В числе особо отличившихся на экзамене значился и Константин Федорович Юон, ныне заслуженный деятель искусств.
После томительного трехдневного ожидания, наконец, нам было объявлено о принятии нас в Училище.
Не знаю, как чувствовали себя другие, но когда я, с сознанием своих прав, поднимался в Училище по круглой лестнице, украшенной античными фигурами, — едва ли в Москве был кто-либо счастливее меня.
Запах красок, лака, фиксатива на бензине, который чувствовался в классах, казался мне выше всех ароматов в мире, а дым в курилке — фимиамом, возносившим наши мечты к подножию греческих божеств.
Классические формы, заполнявшие Училище, простота их линий, загадочность светотени (что я уже начинал смутно постигать) кружили голову и приводили в экстаз.
Продолжая в стиле, присущем тогдашнему моему настроению, я бы сказал, что и преподаватели-художники казались мне чуть ли не полубожествами.
Вот они, жрецы, постигнувшие тайны искусства, все знающие, и все умеющие.
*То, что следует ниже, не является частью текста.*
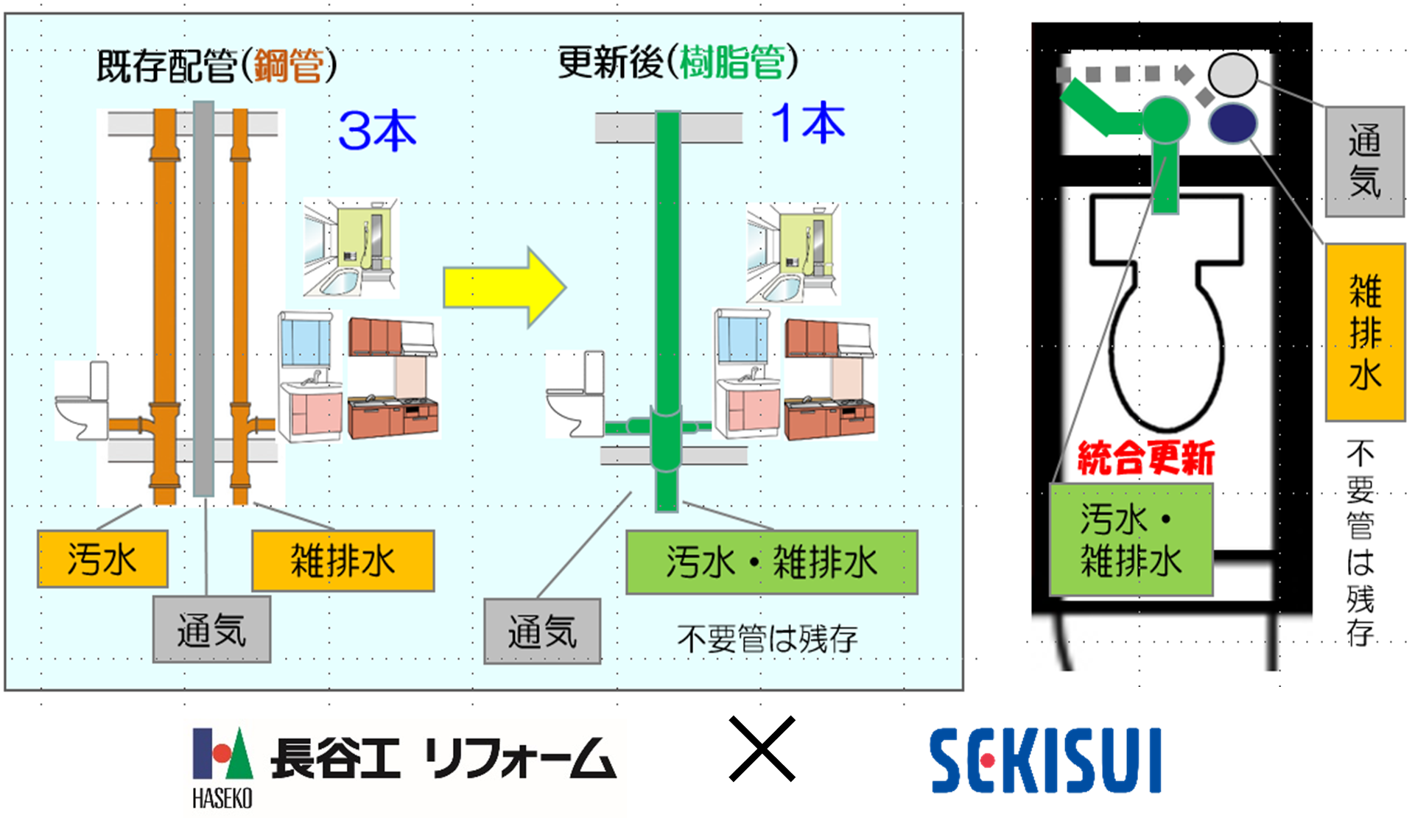 3本の既存立管から1本のみを鋼管から耐火性硬質ポリ塩化ビニル管(樹脂管)に更新するという立管統合更新工事を実現する技術です。これまで改修工事では、特殊排水継手採用による立管統合は技術的に不可能という定説を覆し、実現しました。

Перед ними я готов был преклоняться с мольбой: ‘Научите и меня, утолите жажду, дайте испить из вечного источника, откуда и вы почерпнули радость и горе своего бытия!’ Смешно, но тот, кто не переживал таких минут, пусть не стучится в двери, за которыми царит искусство! Говоря откровенно, я много бы отдал теперь, чтобы хоть на время пережить былую восторженность и упоение — первую чистую и бескорыстную любовь к искусству.
Собравшись на первый урок, мы, вновь, поступившие, расспрашивали о Касаткине, нашем преподавателе, но его тогда мало еще кто знал, а я не видал ни одной его работы.
В начале урока незаметно появился среди учащихся и сам преподаватель — Касаткин, по внешности ничего художественного из себя не представлявший. Встретив в другом месте, я скорее бы почел его за банковского служащего. Небольшого роста, с короткой — клинышком — бородкой, с глазами слегка навыкате и короткими волосами. Деликатная улыбка, в движениях осторожность. От всей фигуры веяло особой корректностью.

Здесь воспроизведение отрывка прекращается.